Postać Jane nie do końca wywarła na mnie przewidywane wrażenie. Podobała mi się jej siła, talent do odgrywania różnych ról oraz sympatia do kotów 🙂 , jednak nie wzbudziła we mnie oczekiwanego strachu, a tylko lekki niepokój. Niezależność oraz brak zobowiązań sprawiły, że kobieta czuje się bezgranicznie wolna, a przy tym również bezkarna. Nie wchodzi z nikim w żadne bliższe relacje i przez to staje się przeciętna i nierozpoznawalna. Paradoksalnie, przez swoją obojętność wobec ludzi potrafi uważnie obserwować i analizować ich zachowanie, aby później wykorzystać ich słabości. Jane nie potrafi kochać i nie ma w niej empatii, jest za to zaradność i pragnienie adrenaliny, a tej na pewno jej nie zabraknie podczas realizacji planu zemsty.
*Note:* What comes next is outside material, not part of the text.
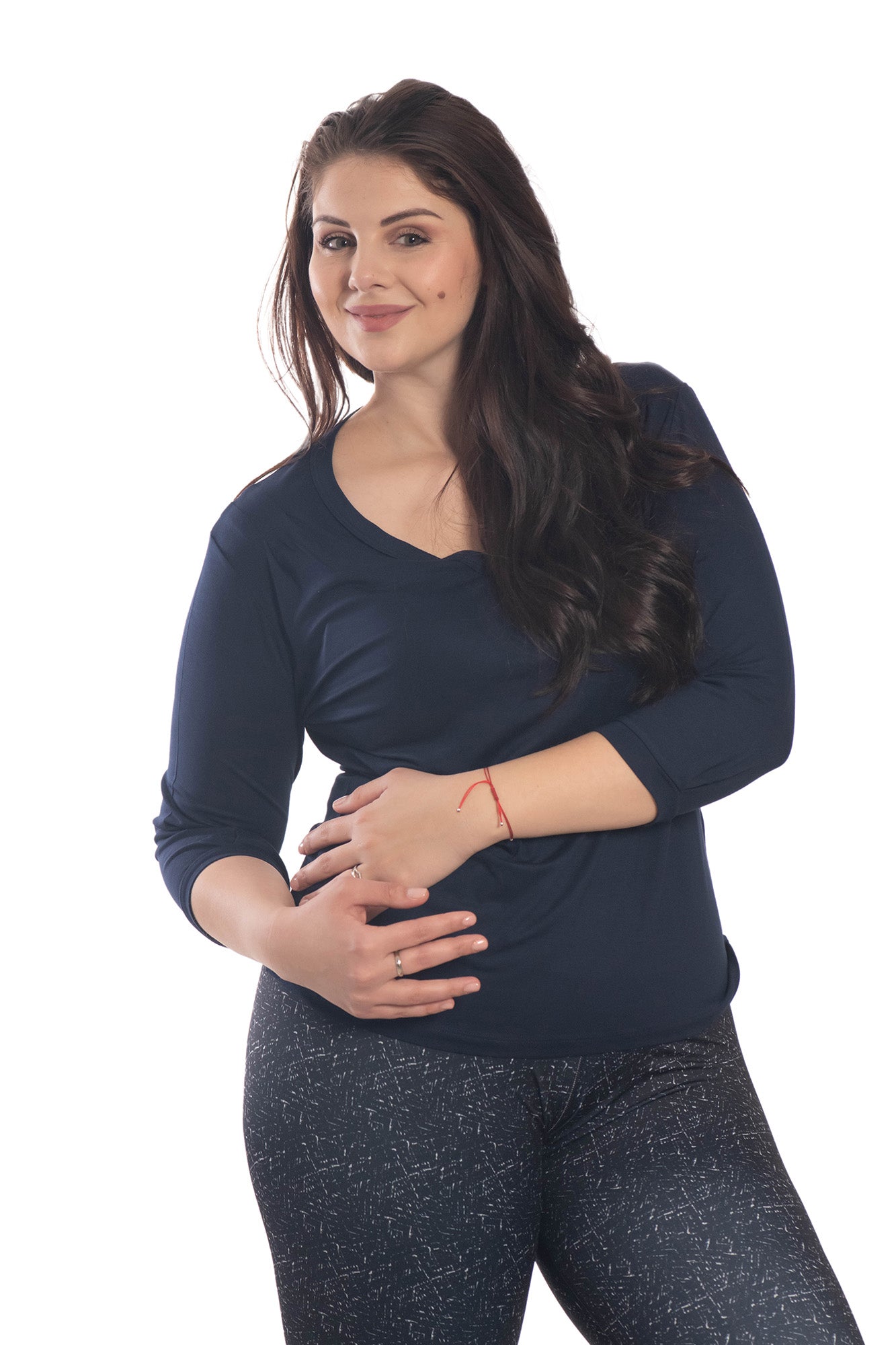 - Дамска блуза - тениска с 3/4 ръкав остро деколте с две декоративни копчета за карасота.

Ogromu emocji dostarczyła mi natomiast postać Stevena. Od zdziwienia, poprzez obrzydzenie, na litości kończąc. Sposób, w jaki traktuje kobiety świadczy jedynie o tym, jakim jest hipokrytą i egoistą. Sprawia, że czują się przy nim głupie i słabe. Traktuje przeciwną płeć przedmiotowo i chodzi mu tylko o seks, a po wszystkim wyzywa swoje partnerki od puszczalskich. On również udaje kogoś, kim nie jest – w oczach społeczeństwa stara się uchodzić za porządnego i bogobojnego, ale w rzeczywistości jest zwykłą kanalią, robalem, którego chce się rozdeptać. Na szczęście Jane poradziła sobie z nim perfekcyjnie, Steven dostał to, na co zasłużył, a ja poczułam ogromną satysfakcję 😀
Ta książka trochę mnie rozczarowała. Szumnie reklamowana, jako thriller pełen tajemnic okazała się być co najwyżej intrygującą obyczajówką. Zabrakło mroku i tej atmosfery lęku i niepewności. Ale to nie zmienia faktu, że „Dziewczynę …” czytało się bardzo szybko i z nieustającym zaciekawieniem. Ot, taka niezobowiązująca lektura z lekkim dreszczykiem na jeden wieczór.